Ebrahim Yazdi, the octogenarian Iranian political prisoner and secretary general of the reformist party Freedom Movement of Iran, will stand trial on Sunday March 13. He will face charges of “activities against national security, propaganda against the Islamic Republic and establishment of the Freedom Movement,” Al-Arabiah reports.
Mohammad Ali Dadkhah, Yazdi’s attorney, expressed optimism that “the trial will be carried out in a just and fair manner.”
Yazdi was arrested last September along with other executive members of the Freedom Movement of Iran for attending a funeral and “an illegal Friday prayer.”
Every other person detained that day was soon released but Yazdi remains in prison. He is reportedly the oldest political prisoner in Iran.
Khalil Yazdi, Ebrahim Yazdi’s son, told Al-Arabiah: “According to reports that we have received he is generally well and is staying in good morale.”
“About a month ago he was transferred to a safe house under the control of intelligence forces but later, when his health condition deteriorated, he was hospitalized and now he has been returned to the same place,” the son added.
Khalil Yazdi also mentioned that incarceration is very hard on his father, an 80-year-old man who has just undergone heart surgery and also suffers from prostate cancer.
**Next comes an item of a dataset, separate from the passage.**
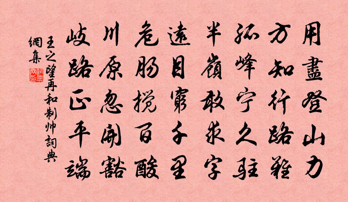 詩詞名句歷史字典書法欣賞書法字典國語詞典說文解字康熙字典古漢語字典標 題 作 者 詩 句 再和制帥作者:王之望 朝代:宋代再和制帥原文用盡登山力,方知行路難。孤峰寧久駐,半嶺敢求字。遠目窮千里,危腸攪百酸。川原忽開豁,岐路正平端。詩詞問答問:再和制帥的作者是誰?答:王之望問:再和制帥寫於哪個朝代?答:宋代王之望再和制帥書法欣賞再和制帥書法作品詩詞推薦清商怨·葭萌驛作陸游〔宋代〕江頭日暮痛飲。乍雪晴猶凜。山驛淒涼,燈昏人獨寢。 鴛機新寄斷錦。嘆往事、不堪重省。夢破南樓,綠雲堆一六州佚名〔宋代〕慶深恩。寶曆正乾坤。前帝子,後聖孫。援立兩儀軒。西宮大母朝寢門。望椒闥常溫。芳時媚景,有三千宮女,相浣溪沙 中秋雖見月,桂花出沒於雲影間,有王惲〔元代〕月色都輸此夜看。人心偏處即多慳。碧雲吹恨滿瑤天。盡著冰壺涼世界,故將陰巧妒嬋娟。桂香和露溫幽彈。河傳·棹舉顧敻〔唐代〕棹舉,舟去,波光渺渺,不知何處?岸花汀草共依依,雨微,鷓鴣相逐飛。天涯離恨江聲咽,啼猿切,此意向誰說京口即事和周開祖韻蔡肇〔宋代〕模寫山川畫不如,送來我得卷還舒。廢興此郡多遺事,搜尋因君得盡書。劫壞丹青無晉舊,地窮岡塹是秦余。試參五門街望有題蔣貽恭〔唐代〕我皇開國十餘年,一輩超升炙手歡。閒向五門樓下望,衙官騎馬使衙官。武后明堂樂章。徵音武則天〔唐代〕赫赫離精御炎陸,滔滔熾景開隆暑。冀延神鑒俯蘭尊,式表虔襟陳桂俎。句楊晨〔宋代〕結網{上彌下女}教女,操舟罷詬男。滿庭芳 贈曹八先生馬鈺〔元代〕妙玄易解,心意難善。窮究如何長便。牢捉牢擒,爭奈馬猿跳健。十二時中返倒,斗唆人、生情起念。當發願,便伏蒙知縣縣尉二寮友以夏旱得雨賡石徂徠喜雨王之道〔宋代〕綠槐陰外聽蟬吟,節過分龍夏已深。千里亢陽憂歲旱,一時甘雨快人心。養禾不害連朝噎,沃暑應容數日霖。多謝好事近陳亮〔宋代〕橫玉叫清宵,簾外月侵殘燭。人在畫樓高處,倚闌乾幾曲。穿雲裂石韻悠揚,風細斷遠續。驚落小梅香粉,點一庭喜遷鶯(壽李文昌)程珌〔宋代〕評君誰似,似長松千丈,離奇多節。骨瘦稜稜,文高犖犖,今日□來仙闕。走卒識公容貌,酋虜問公官閥。更史館酬王秀才桃花園見寄杜牧〔唐代〕桃滿西園淑景催,幾多紅艷淺深開。此花不逐溪流出,晉客無因入洞來。孟母三遷劉向〔兩漢〕鄒孟軻母,號孟母。其舍近墓。孟子之少時,嬉遊為墓間之事。孟母曰:“此非吾所以居處子。”乃去,舍市旁。九月六日小飲醒後作陸游〔宋代〕短劍悲秦俠,高歌憶楚狂。酒醒愁袬袬,香冷夢倀倀。屋老垣衣茂,池深石髮長。地爐須早計,衰病怯新霜。華之高壽魯齋先生七十金履祥〔宋代〕屹屹王子,三壽作朋。視彼霸侯,曾是足論。梅山戴表元〔宋代〕梅尉功成後,安知不此來。路逢耕者問,山寺化人開。樵隴低通海,茶村暖待雷。談玄亦可隱,不用墾蒿萊。自常熟敲冰行舟半日一夜僅十里袁說友〔宋代〕到曉才通十里冰,頗憐黃帽嘆征行。半篙不下風霜夜,一日之間水陸程。無復穩時村路滑,不勝危處斷橋傾。驅馳登塔二首袁燮〔宋代〕塵俗區區咫尺間,著身高處眇人寰。平生望塔今登塔,聊向風前一解顏。和吳鹽丞雪中湖上訪梅四首楊萬里〔宋代〕聞君蹈雪訪梅花,不怕蘇堤十里賒。老子怯寒那敢出,地爐榾柮是生涯。名句推薦已駕七香車,心心待曉霞。李商隱《壬申七夕》 聞善以相告也,見善以相示也戴聖《禮記·儒行》 治於神者,眾人不知其功;爭於明者,眾人知之。墨子《墨子·50章 公輸》 青林翠竹,四時俱備。陶弘景《答謝中書書》 聰明睿智,守之以愚李昉、李穆、徐鉉《太平御覽·文部·卷六》 事窮勢蹙之人,當原其初心;功成行滿之士,要觀其末路。洪應明《菜根譚·概論》 獨自莫憑欄,無限江山,別時容易見時難。李煜《浪淘沙令·簾外雨潺潺》 知音如不賞,歸臥故山秋。賈島《題詩後》 朝來嗔寂寞,不肯試新衣。馮夢龍《喻世明言·卷一》 翻被梨花冷看,人生苦戀天涯。張炎《朝中措·清明時節》

On February 20, a group of Iranian political and social activists wrote a letter to the head of Iran’s judiciary, Ayatollah Sadegh Larijani, calling for the release of the leader of the Freedom Movement, which they describe as having been a major player in bringing the Iranian Revolution to fruition in 1979.
They described Yazdi as “one of the most enduring veteran political activists in Iran and spoke out against his “uncalled for and illegal” treatment by the government.
Two months ago, 130 international academics and intellectuals also wrote to Ayatollah Khamenei, Iran’s supreme leader, to ask for the release of Ebrahim Yazdi and all other political prisoners in Iran.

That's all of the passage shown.